> **Exercise description**:
Exactly the lines from the start of the entries through the line with "Met deze huishoudwagen" are required in the output, with no pictures among them.

> **Input records**:

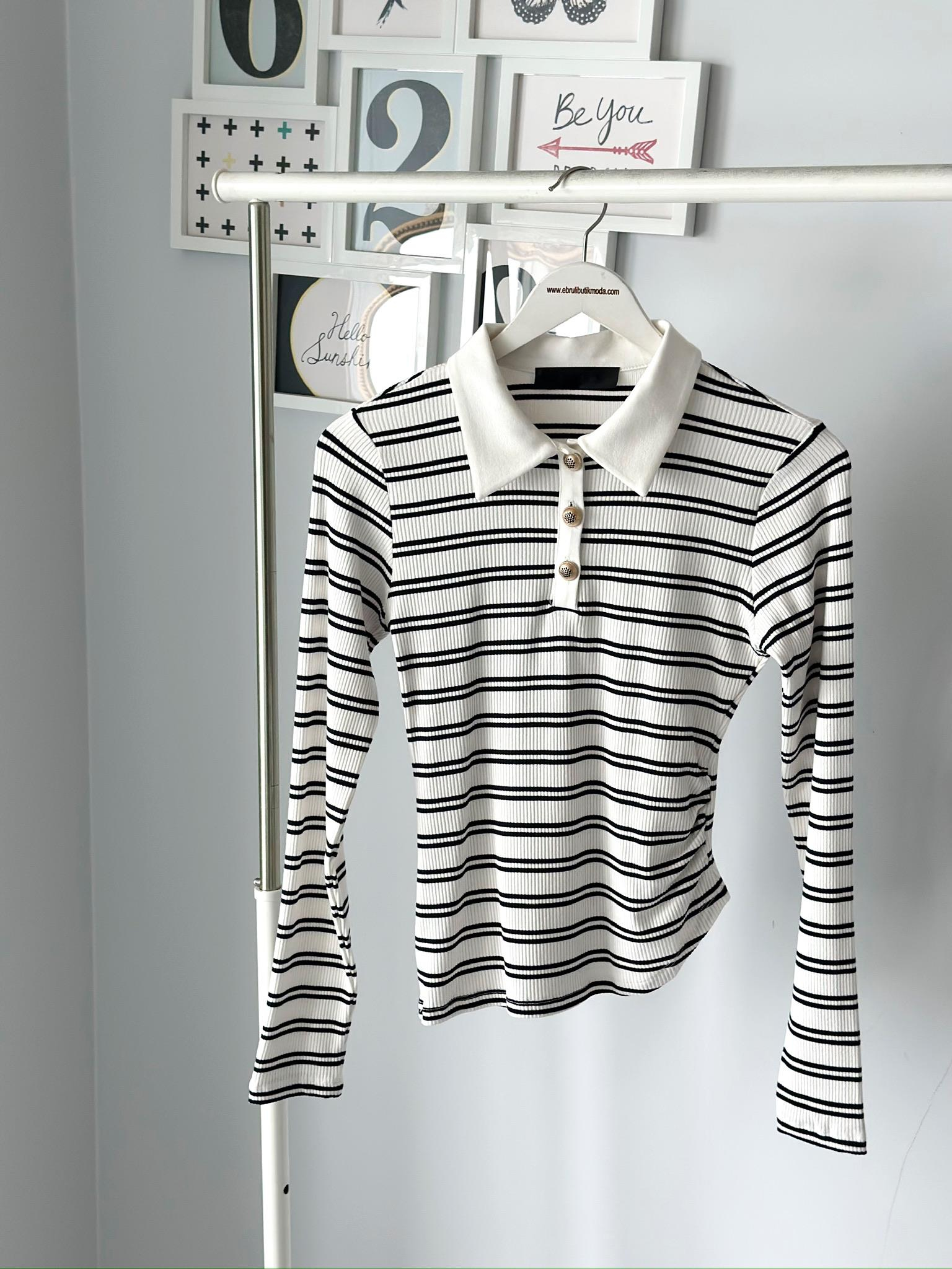 POLO YAKA GOLD DÜĞMELİ BLUZ
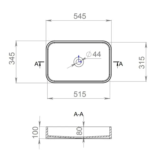 Salini MAREA 12 Раковина врезная снизу 545х375х187мм, без отв. под смес, с ПЕРЕЛИВОМ, материал: S-Sense, глянцевый, белый.
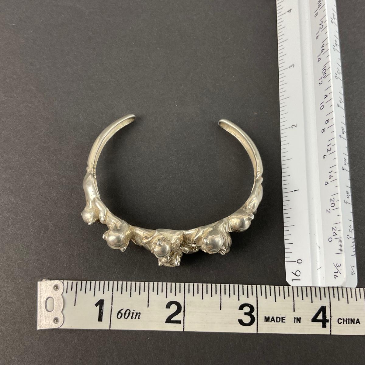 one vintage sterling silver marked Kabana cats bracelet. 36 grams in weight. Please see photos for details and condition. Any condition statement is given as a courtesy to a client, is an opinion, and should not be treated as a statement of fact. Reference to condition written, oral or within a condition report shall not be regarded as a full account of condition and may not include all defects, alterations, or restorations. Absence of a condition report does not imply a lot is flawless or lacking imperfections or damage. Katherine’s Auction & Appraisal Service shall have no responsibility for any error or omission. Returns shall not be accepted on the basis of condition. ::: Shipping is available on this lot. If you require shipping you must let us know at the close of the auction. We will coordinate with you after the item has been won. Shipping fees will include insurance up to or exceeding the value of all items being mailed. If you have any questions regarding this lot please contact the auctioneer either via this website, by direct email or by phone. PICK UP TIMES and other important information can be found in the TERMS and DESCRIPTION of the auction. Please take a look for pertinent information. Thanks!
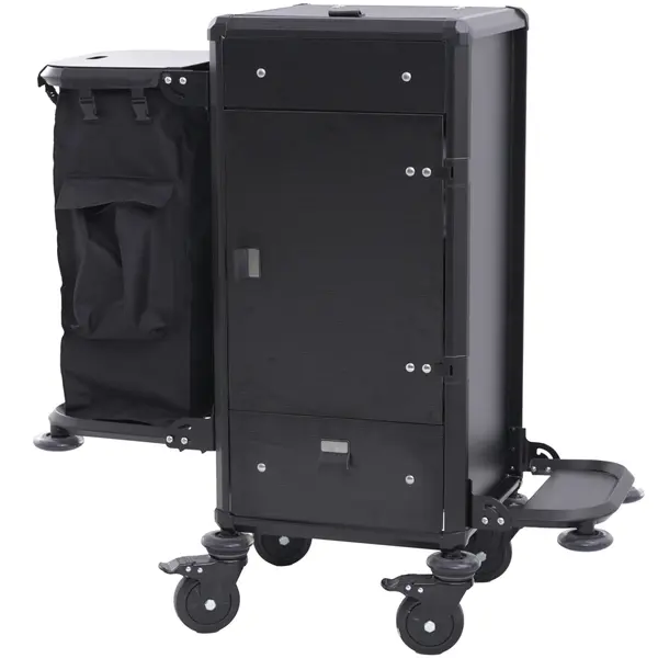 Met deze huishoudwagen vervoer je materialen en linnengoed overzichtelijk binnen professionele omgevingen. De wagen is voorzien van een uittrekbare lade en een polyester waszak (400 x 400 x 850 mm), geschikt voor het verzamelen van linnengoed en wasbaar tot 40 °C.
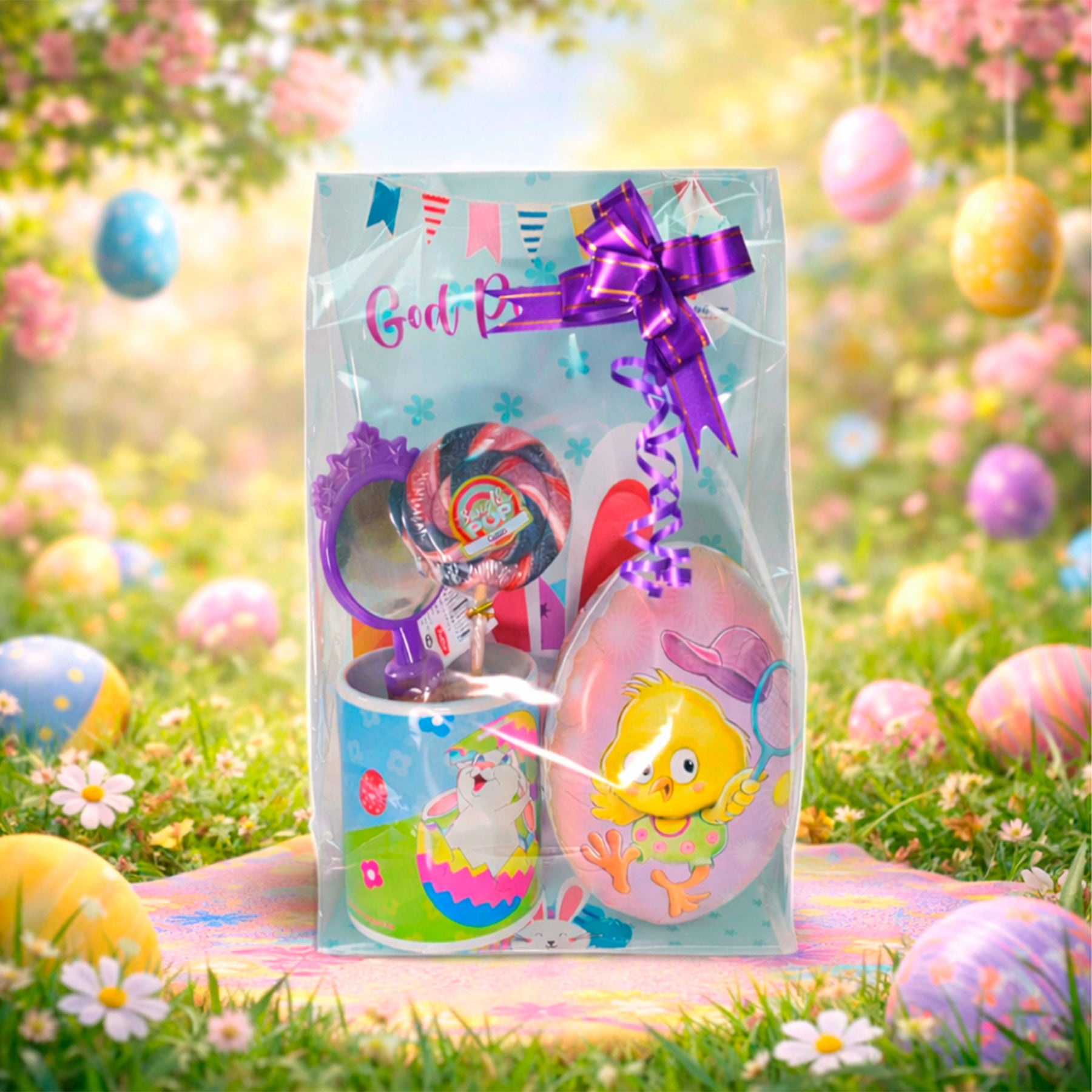 Overrask en jente du er glad i med en fargerik og koselig påskepose fylt med små gleder! Dette er ikke bare en pose med godteri, men en gjennomtenkt gave med en fin kombinasjon av noe som varer (en kopp hun kan bruke igjen og igjen) og noe hun kan kose seg med i påsken (påskeegg og godteri). Perfekt som en liten belønning under påskeeggjakt eller som en koselig overraskelse i ferien.
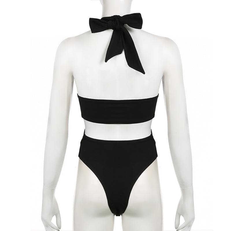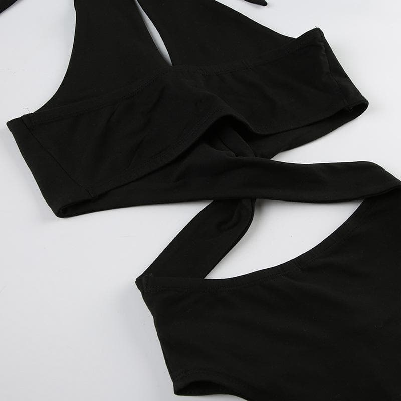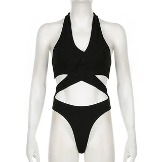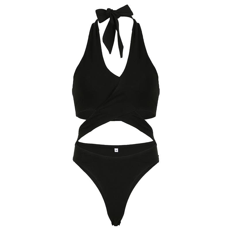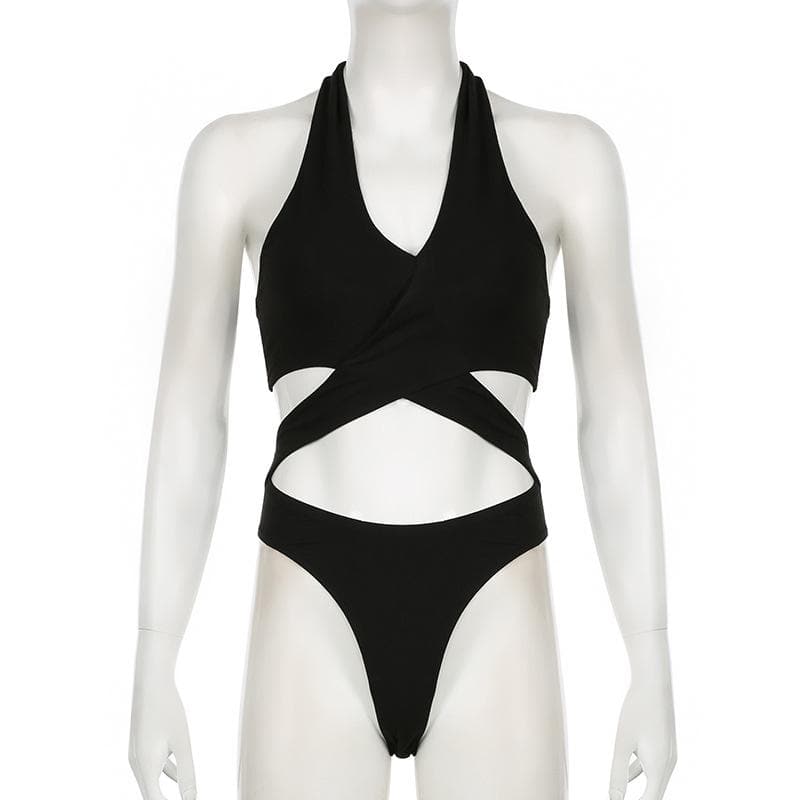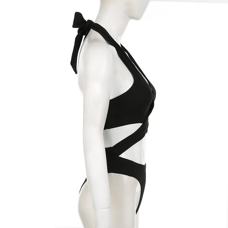 Halter cross front hollow out knotted bodysuit

> **Result for this exercise**:
 POLO YAKA GOLD DÜĞMELİ BLUZ
 Salini MAREA 12 Раковина врезная снизу 545х375х187мм, без отв. под смес, с ПЕРЕЛИВОМ, материал: S-Sense, глянцевый, белый.
 one vintage sterling silver marked Kabana cats bracelet. 36 grams in weight. Please see photos for details and condition. Any condition statement is given as a courtesy to a client, is an opinion, and should not be treated as a statement of fact. Reference to condition written, oral or within a condition report shall not be regarded as a full account of condition and may not include all defects, alterations, or restorations. Absence of a condition report does not imply a lot is flawless or lacking imperfections or damage. Katherine’s Auction & Appraisal Service shall have no responsibility for any error or omission. Returns shall not be accepted on the basis of condition. ::: Shipping is available on this lot. If you require shipping you must let us know at the close of the auction. We will coordinate with you after the item has been won. Shipping fees will include insurance up to or exceeding the value of all items being mailed. If you have any questions regarding this lot please contact the auctioneer either via this website, by direct email or by phone. PICK UP TIMES and other important information can be found in the TERMS and DESCRIPTION of the auction. Please take a look for pertinent information. Thanks!
 Met deze huishoudwagen vervoer je materialen en linnengoed overzichtelijk binnen professionele omgevingen. De wagen is voorzien van een uittrekbare lade en een polyester waszak (400 x 400 x 850 mm), geschikt voor het verzamelen van linnengoed en wasbaar tot 40 °C.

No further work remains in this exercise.